7.07 = 7.21 + log (0.7256-x)/(0.1+x)
-0.14 = log (0.7256-x)/(0.1+x)
10^-0.14 = (0.7256-x)/(0.1+x)
(10^-0.14)(0.1+x) = (0.7256-x)
x = 0.9018 mol HCl
M of HCl. I'm assuming I am using the pH from part A? Although...this may be the wrong way to go about it...

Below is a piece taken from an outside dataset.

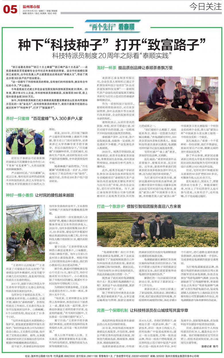 如今,科技特派员制度已成为泰顺县高质量发展建设山区县共同富裕示范区的一张“金名片”,在科技特派员的帮扶下,曾经只能靠天吃饭的山城农民种下“科技种子”,打开了“致富路子”。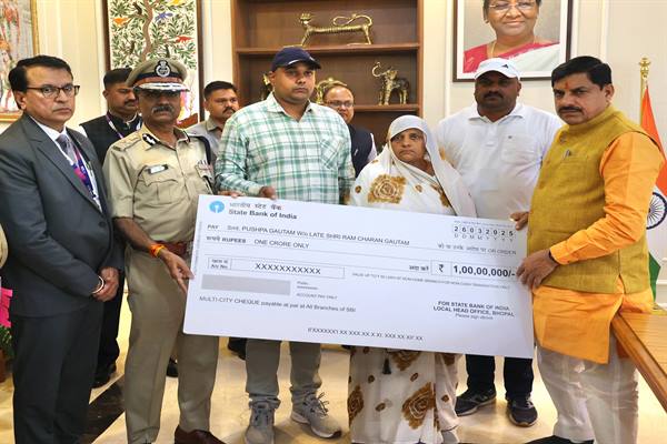 भोपाल: मुख्यमंत्री डॉ. मोहन यादव ने मुख्यमंत्री निवास पर मऊगंज जिले के गौतम परिवार को व्यक्तिगत दुर्घटना बीमा के अंतर्गत एक करोड़ रूपये की राशि का चेक प्रदान किया। भारतीय स्टेट बैंक की पुलिस सेलरी पैकेज योजना में पुलिसकर्मियों को दी जाने वाली पूरक व्यक्तिगत दुर्घटना बीमा सुविधा के अनुसार परिवार को यह राशि प्रदान की गई। मुख्यमंत्री डॉ. यादव ने शहीद गौतम के पात्र उत्तराधिकारी को शासकीय सेवा में लेने के निर्देश पुलिस महानिदेशक को दिए हैं।

[H+] = Ka * [HPO4-] / [H2PO4]
[H+] = 10^(-pH)
[H+] = 10^-8.07
[H+] = 8.51^-9 M
[HPO4-] = [H+] * [H2PO4] / Ka
= 8.51^-9 M * 1.0 M / 6.14x10^-8
= 0.1386 M HCl
I found out that Molarity of HCl was 0.5 M.
So then, 0.5 M HCl = 0.9018 mol HCl/ L HCl
L HCl = (0.9018 mol/0.5 M)
HCl = 1.8036 L x 1000 mL/1 L)
= 1803.6 mL
= 1800 mL HCl
To calculate the pH of the buffer, you need to consider the dissociation of the sodium hydrogen phosphate (Na2HPO4) and sodium dihydrogen phosphate (NaH2PO4) in water.
A. Calculation of the pH of the buffer:
1. Calculate the concentrations of Na2HPO4 and NaH2PO4:
- Na2HPO4: 10.30 g Na2HPO4 x (1 mol Na2HPO4/ 141.96 g Na2HPO4) = 0.07256 mol Na2HPO4
- NaH2PO4: 100.0 mL x (1 L/1000 mL) x 1.0 mol NaH2PO4/1 L = 0.100 mol NaH2PO4
2. Calculate the ratio of NaH2PO4 to Na2HPO4:
- [NaH2PO4] / [Na2HPO4] = 0.100 mol / 0.07256 mol = 1.378
3. Calculate the pKa:
- pKa = -log(Ka) = -log(3.6x10^(-13)) = 12
4. Calculate the pH of the buffer:
- pH = pKa + log([NaH2PO4] / [Na2HPO4]) = 12 + log(1.378) = 12.14 (correct calculation!)
Now let's move on to the next steps:
B. Calculation of the resulting pH if 1.0 mL of 5.0 M NaOH is added to 20.0 mL of this buffer:
1. Write the chemical equation for the reaction:
- NaOH + NaH2PO4 → Na2HPO4 + H2O
2. Determine the moles of NaOH added:
- Moles of NaOH = 1.0 mL x (1 L/1000 mL) x 5.0 mol/L = 0.005 mol
3. Determine the new concentrations of NaH2PO4 and Na2HPO4:
- NaH2PO4: 0.100 mol + 0.005 mol = 0.105 mol
- Na2HPO4: 0.07256 mol - 0.005 mol = 0.06756 mol
4. Calculate the new pH of the buffer using the same formula as step A.
C. Calculation of the mL of HCl needed to lower the pH by 1.0 unit:
1. Assume the buffer volume remains unchanged (100.0 mL).
2. Determine the new concentration of NaH2PO4 for the desired pH change:
- NaH2PO4 = (10^(-desired pH change)) x [Na2HPO4]
3. Determine the moles of NaH2PO4 needed:
- Moles of NaH2PO4 needed = (new concentration of NaH2PO4) x (buffer volume)
4. Calculate the mL of HCl needed based on the molarity of HCl solution used:
- mL of HCl = (moles of NaH2PO4 needed) / (molarity of HCl solution)
Remember to use the Henderson-Hasselbalch equation and appropriate logarithmic calculations for both parts B and C to ensure accurate and precise results.